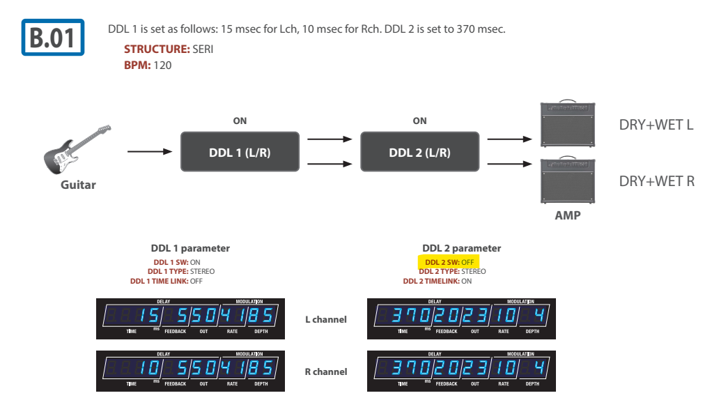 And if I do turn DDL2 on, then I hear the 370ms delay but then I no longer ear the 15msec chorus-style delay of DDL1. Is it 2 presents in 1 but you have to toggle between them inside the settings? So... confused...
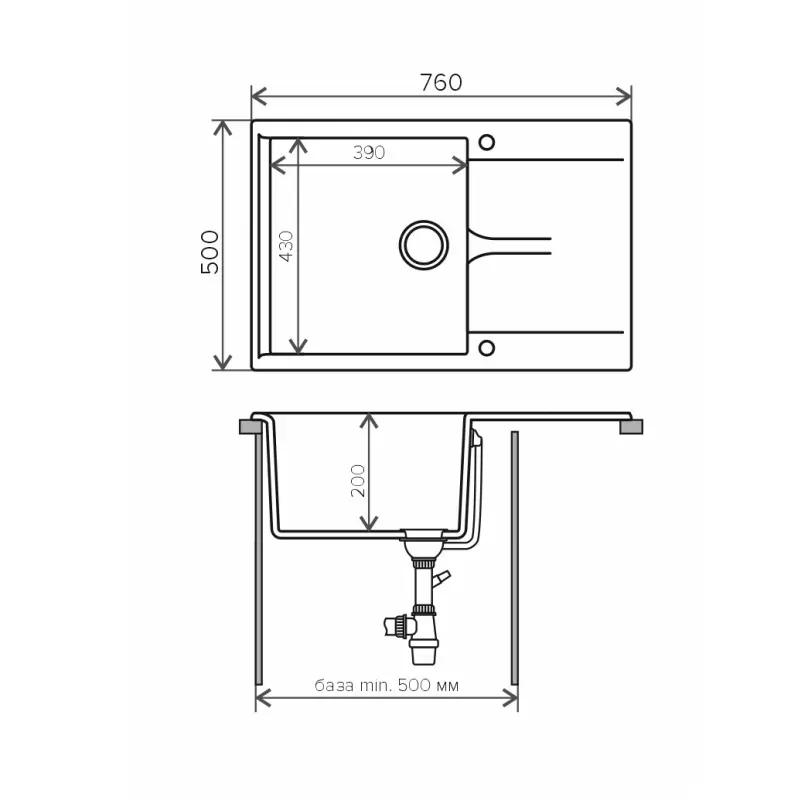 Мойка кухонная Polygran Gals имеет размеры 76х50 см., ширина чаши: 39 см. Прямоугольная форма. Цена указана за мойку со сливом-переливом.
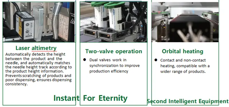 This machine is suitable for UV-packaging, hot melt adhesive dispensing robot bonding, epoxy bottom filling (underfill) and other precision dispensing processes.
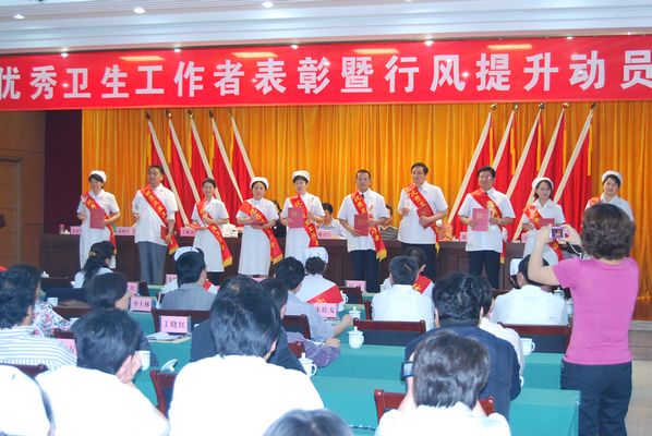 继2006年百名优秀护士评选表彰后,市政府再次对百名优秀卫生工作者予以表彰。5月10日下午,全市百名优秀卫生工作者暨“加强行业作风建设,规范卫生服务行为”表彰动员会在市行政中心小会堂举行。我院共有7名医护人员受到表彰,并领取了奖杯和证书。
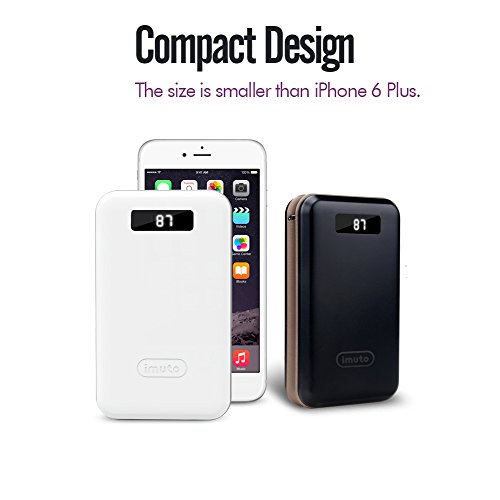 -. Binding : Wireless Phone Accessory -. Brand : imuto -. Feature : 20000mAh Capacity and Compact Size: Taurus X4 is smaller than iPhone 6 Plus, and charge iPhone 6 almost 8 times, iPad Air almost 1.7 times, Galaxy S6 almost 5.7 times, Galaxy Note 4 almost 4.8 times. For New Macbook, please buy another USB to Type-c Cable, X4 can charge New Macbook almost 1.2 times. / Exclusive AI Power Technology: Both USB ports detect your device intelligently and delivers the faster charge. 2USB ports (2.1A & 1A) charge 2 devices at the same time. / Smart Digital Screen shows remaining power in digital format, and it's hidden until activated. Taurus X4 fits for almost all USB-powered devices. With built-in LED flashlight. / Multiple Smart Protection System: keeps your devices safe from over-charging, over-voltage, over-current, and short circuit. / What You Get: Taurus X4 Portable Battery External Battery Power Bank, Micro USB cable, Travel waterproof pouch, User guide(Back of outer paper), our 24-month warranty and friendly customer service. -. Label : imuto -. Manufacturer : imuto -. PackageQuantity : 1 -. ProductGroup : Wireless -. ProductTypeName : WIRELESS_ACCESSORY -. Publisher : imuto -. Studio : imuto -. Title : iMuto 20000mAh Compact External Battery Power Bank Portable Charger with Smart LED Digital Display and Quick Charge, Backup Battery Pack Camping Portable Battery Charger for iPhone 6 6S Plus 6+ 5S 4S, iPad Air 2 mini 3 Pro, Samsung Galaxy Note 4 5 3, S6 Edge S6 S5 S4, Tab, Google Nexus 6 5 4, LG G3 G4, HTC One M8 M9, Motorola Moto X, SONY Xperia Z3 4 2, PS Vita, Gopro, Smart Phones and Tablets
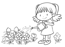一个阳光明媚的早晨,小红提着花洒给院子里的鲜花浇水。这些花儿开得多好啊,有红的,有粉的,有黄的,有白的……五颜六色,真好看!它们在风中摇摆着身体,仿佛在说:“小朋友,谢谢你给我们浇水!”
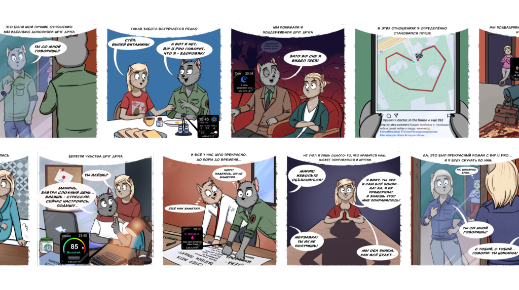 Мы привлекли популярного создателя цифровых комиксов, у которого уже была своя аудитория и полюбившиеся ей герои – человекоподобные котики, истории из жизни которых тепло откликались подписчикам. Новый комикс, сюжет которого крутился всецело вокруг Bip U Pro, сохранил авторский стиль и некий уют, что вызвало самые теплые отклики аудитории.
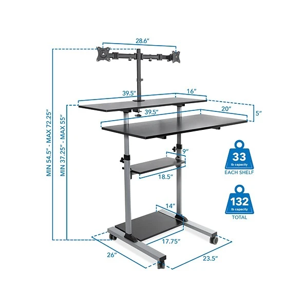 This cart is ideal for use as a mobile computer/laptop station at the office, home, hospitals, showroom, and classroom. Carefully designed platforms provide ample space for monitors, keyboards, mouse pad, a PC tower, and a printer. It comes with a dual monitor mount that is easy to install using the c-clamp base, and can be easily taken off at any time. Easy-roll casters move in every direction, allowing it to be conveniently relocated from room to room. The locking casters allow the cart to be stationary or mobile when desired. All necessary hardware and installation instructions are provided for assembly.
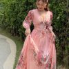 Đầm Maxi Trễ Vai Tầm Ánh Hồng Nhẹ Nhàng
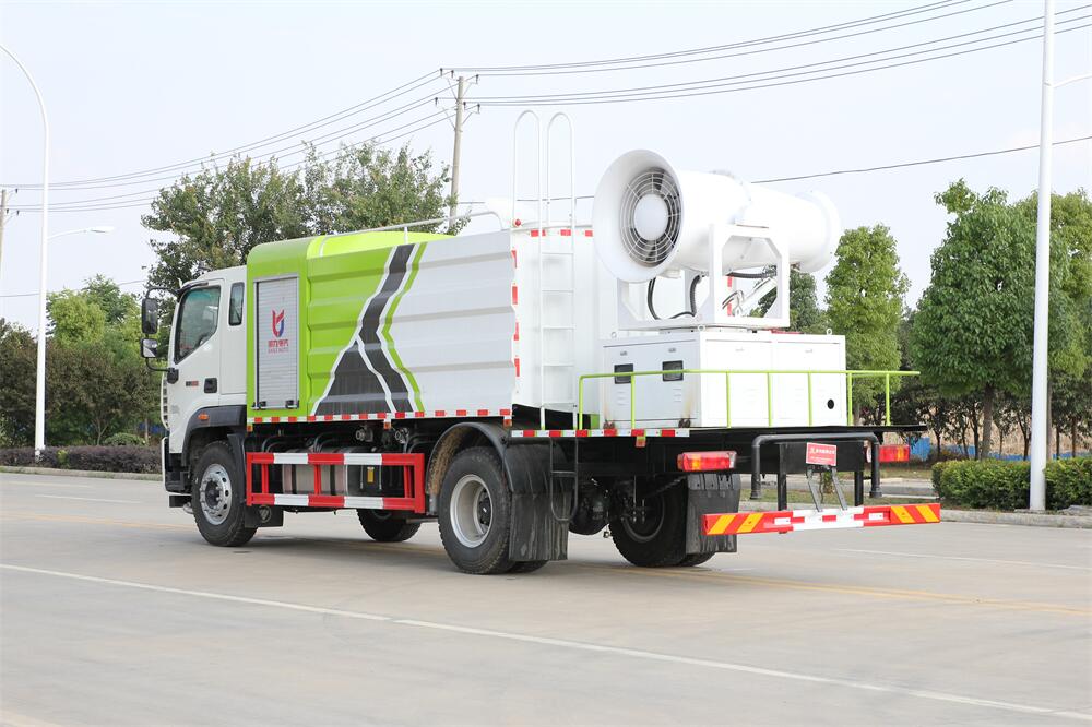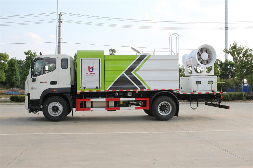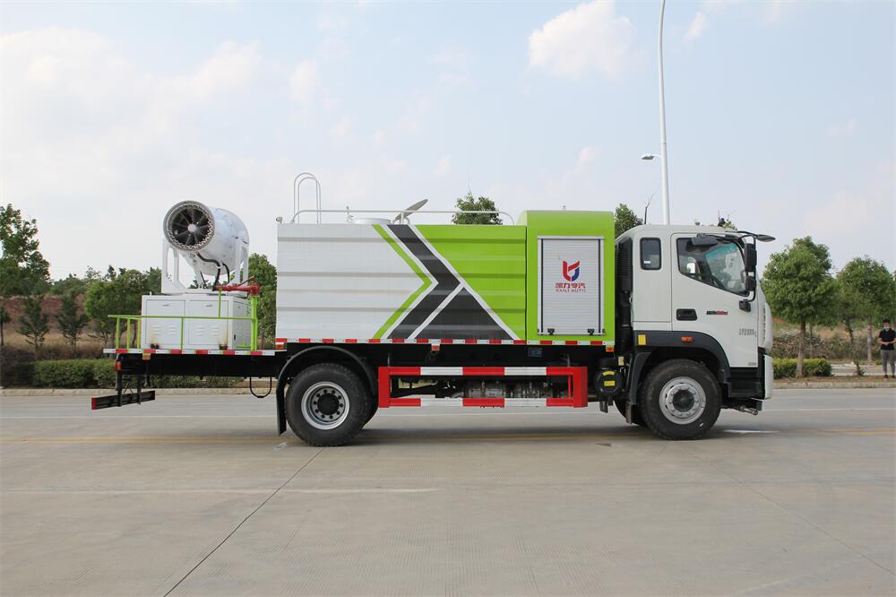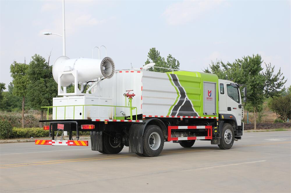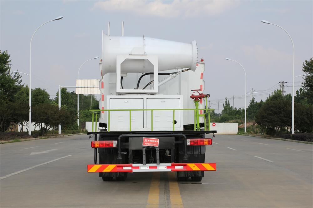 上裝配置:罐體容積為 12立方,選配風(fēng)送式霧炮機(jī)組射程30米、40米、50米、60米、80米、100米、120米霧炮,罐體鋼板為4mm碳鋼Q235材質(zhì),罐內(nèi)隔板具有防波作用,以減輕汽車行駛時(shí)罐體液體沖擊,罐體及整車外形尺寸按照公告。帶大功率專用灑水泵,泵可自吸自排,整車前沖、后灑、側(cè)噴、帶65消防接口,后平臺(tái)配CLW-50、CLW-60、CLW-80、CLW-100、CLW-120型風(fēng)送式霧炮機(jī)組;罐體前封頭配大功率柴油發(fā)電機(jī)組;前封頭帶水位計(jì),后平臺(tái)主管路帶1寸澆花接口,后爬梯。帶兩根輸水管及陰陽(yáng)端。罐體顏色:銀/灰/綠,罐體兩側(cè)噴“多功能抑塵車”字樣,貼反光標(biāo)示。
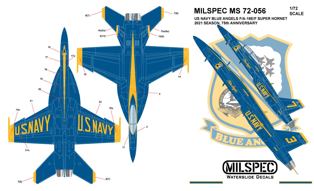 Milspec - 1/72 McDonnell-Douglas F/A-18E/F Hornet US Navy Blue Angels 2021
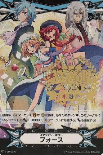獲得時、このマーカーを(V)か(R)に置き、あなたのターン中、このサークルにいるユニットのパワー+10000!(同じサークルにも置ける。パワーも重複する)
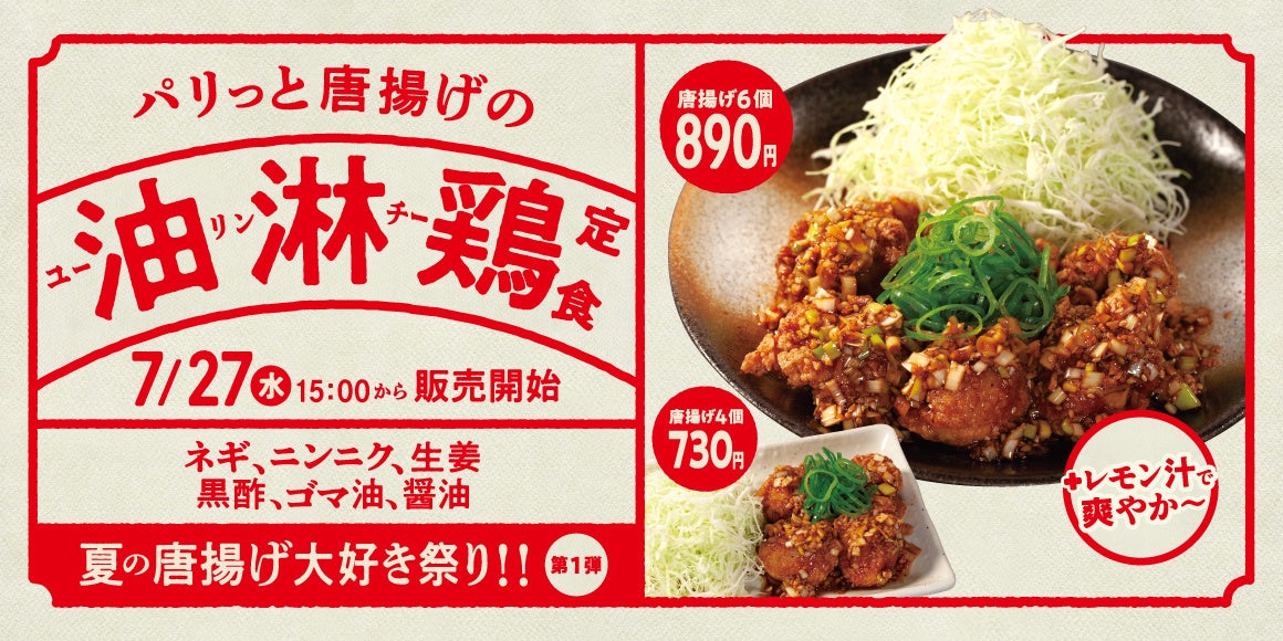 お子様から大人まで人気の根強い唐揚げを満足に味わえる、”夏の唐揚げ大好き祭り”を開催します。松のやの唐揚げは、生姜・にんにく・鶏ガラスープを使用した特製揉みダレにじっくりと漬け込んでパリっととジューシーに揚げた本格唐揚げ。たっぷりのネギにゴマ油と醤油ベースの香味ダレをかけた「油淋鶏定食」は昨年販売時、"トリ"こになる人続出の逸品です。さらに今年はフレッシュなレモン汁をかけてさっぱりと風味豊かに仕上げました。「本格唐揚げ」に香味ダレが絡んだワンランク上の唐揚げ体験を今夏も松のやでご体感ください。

==============================

INSTRUCTIONS FOR THE TASK
All records above should be duplicated exactly, with the pictures omitted.

RESPONSE BOX
 And if I do turn DDL2 on, then I hear the 370ms delay but then I no longer ear the 15msec chorus-style delay of DDL1. Is it 2 presents in 1 but you have to toggle between them inside the settings? So... confused...
 Мойка кухонная Polygran Gals имеет размеры 76х50 см., ширина чаши: 39 см. Прямоугольная форма. Цена указана за мойку со сливом-переливом.
 This machine is suitable for UV-packaging, hot melt adhesive dispensing robot bonding, epoxy bottom filling (underfill) and other precision dispensing processes.
 继2006年百名优秀护士评选表彰后,市政府再次对百名优秀卫生工作者予以表彰。5月10日下午,全市百名优秀卫生工作者暨“加强行业作风建设,规范卫生服务行为”表彰动员会在市行政中心小会堂举行。我院共有7名医护人员受到表彰,并领取了奖杯和证书。
 -. Binding : Wireless Phone Accessory -. Brand : imuto -. Feature : 20000mAh Capacity and Compact Size: Taurus X4 is smaller than iPhone 6 Plus, and charge iPhone 6 almost 8 times, iPad Air almost 1.7 times, Galaxy S6 almost 5.7 times, Galaxy Note 4 almost 4.8 times. For New Macbook, please buy another USB to Type-c Cable, X4 can charge New Macbook almost 1.2 times. / Exclusive AI Power Technology: Both USB ports detect your device intelligently and delivers the faster charge. 2USB ports (2.1A & 1A) charge 2 devices at the same time. / Smart Digital Screen shows remaining power in digital format, and it's hidden until activated. Taurus X4 fits for almost all USB-powered devices. With built-in LED flashlight. / Multiple Smart Protection System: keeps your devices safe from over-charging, over-voltage, over-current, and short circuit. / What You Get: Taurus X4 Portable Battery External Battery Power Bank, Micro USB cable, Travel waterproof pouch, User guide(Back of outer paper), our 24-month warranty and friendly customer service. -. Label : imuto -. Manufacturer : imuto -. PackageQuantity : 1 -. ProductGroup : Wireless -. ProductTypeName : WIRELESS_ACCESSORY -. Publisher : imuto -. Studio : imuto -. Title : iMuto 20000mAh Compact External Battery Power Bank Portable Charger with Smart LED Digital Display and Quick Charge, Backup Battery Pack Camping Portable Battery Charger for iPhone 6 6S Plus 6+ 5S 4S, iPad Air 2 mini 3 Pro, Samsung Galaxy Note 4 5 3, S6 Edge S6 S5 S4, Tab, Google Nexus 6 5 4, LG G3 G4, HTC One M8 M9, Motorola Moto X, SONY Xperia Z3 4 2, PS Vita, Gopro, Smart Phones and Tablets
一个阳光明媚的早晨,小红提着花洒给院子里的鲜花浇水。这些花儿开得多好啊,有红的,有粉的,有黄的,有白的……五颜六色,真好看!它们在风中摇摆着身体,仿佛在说:“小朋友,谢谢你给我们浇水!”
 Мы привлекли популярного создателя цифровых комиксов, у которого уже была своя аудитория и полюбившиеся ей герои – человекоподобные котики, истории из жизни которых тепло откликались подписчикам. Новый комикс, сюжет которого крутился всецело вокруг Bip U Pro, сохранил авторский стиль и некий уют, что вызвало самые теплые отклики аудитории.
 This cart is ideal for use as a mobile computer/laptop station at the office, home, hospitals, showroom, and classroom. Carefully designed platforms provide ample space for monitors, keyboards, mouse pad, a PC tower, and a printer. It comes with a dual monitor mount that is easy to install using the c-clamp base, and can be easily taken off at any time. Easy-roll casters move in every direction, allowing it to be conveniently relocated from room to room. The locking casters allow the cart to be stationary or mobile when desired. All necessary hardware and installation instructions are provided for assembly.
 Đầm Maxi Trễ Vai Tầm Ánh Hồng Nhẹ Nhàng
 上裝配置:罐體容積為 12立方,選配風(fēng)送式霧炮機(jī)組射程30米、40米、50米、60米、80米、100米、120米霧炮,罐體鋼板為4mm碳鋼Q235材質(zhì),罐內(nèi)隔板具有防波作用,以減輕汽車行駛時(shí)罐體液體沖擊,罐體及整車外形尺寸按照公告。帶大功率專用灑水泵,泵可自吸自排,整車前沖、后灑、側(cè)噴、帶65消防接口,后平臺(tái)配CLW-50、CLW-60、CLW-80、CLW-100、CLW-120型風(fēng)送式霧炮機(jī)組;罐體前封頭配大功率柴油發(fā)電機(jī)組;前封頭帶水位計(jì),后平臺(tái)主管路帶1寸澆花接口,后爬梯。帶兩根輸水管及陰陽(yáng)端。罐體顏色:銀/灰/綠,罐體兩側(cè)噴“多功能抑塵車”字樣,貼反光標(biāo)示。
 Milspec - 1/72 McDonnell-Douglas F/A-18E/F Hornet US Navy Blue Angels 2021
獲得時、このマーカーを(V)か(R)に置き、あなたのターン中、このサークルにいるユニットのパワー+10000!(同じサークルにも置ける。パワーも重複する)
 お子様から大人まで人気の根強い唐揚げを満足に味わえる、”夏の唐揚げ大好き祭り”を開催します。松のやの唐揚げは、生姜・にんにく・鶏ガラスープを使用した特製揉みダレにじっくりと漬け込んでパリっととジューシーに揚げた本格唐揚げ。たっぷりのネギにゴマ油と醤油ベースの香味ダレをかけた「油淋鶏定食」は昨年販売時、"トリ"こになる人続出の逸品です。さらに今年はフレッシュなレモン汁をかけてさっぱりと風味豊かに仕上げました。「本格唐揚げ」に香味ダレが絡んだワンランク上の唐揚げ体験を今夏も松のやでご体感ください。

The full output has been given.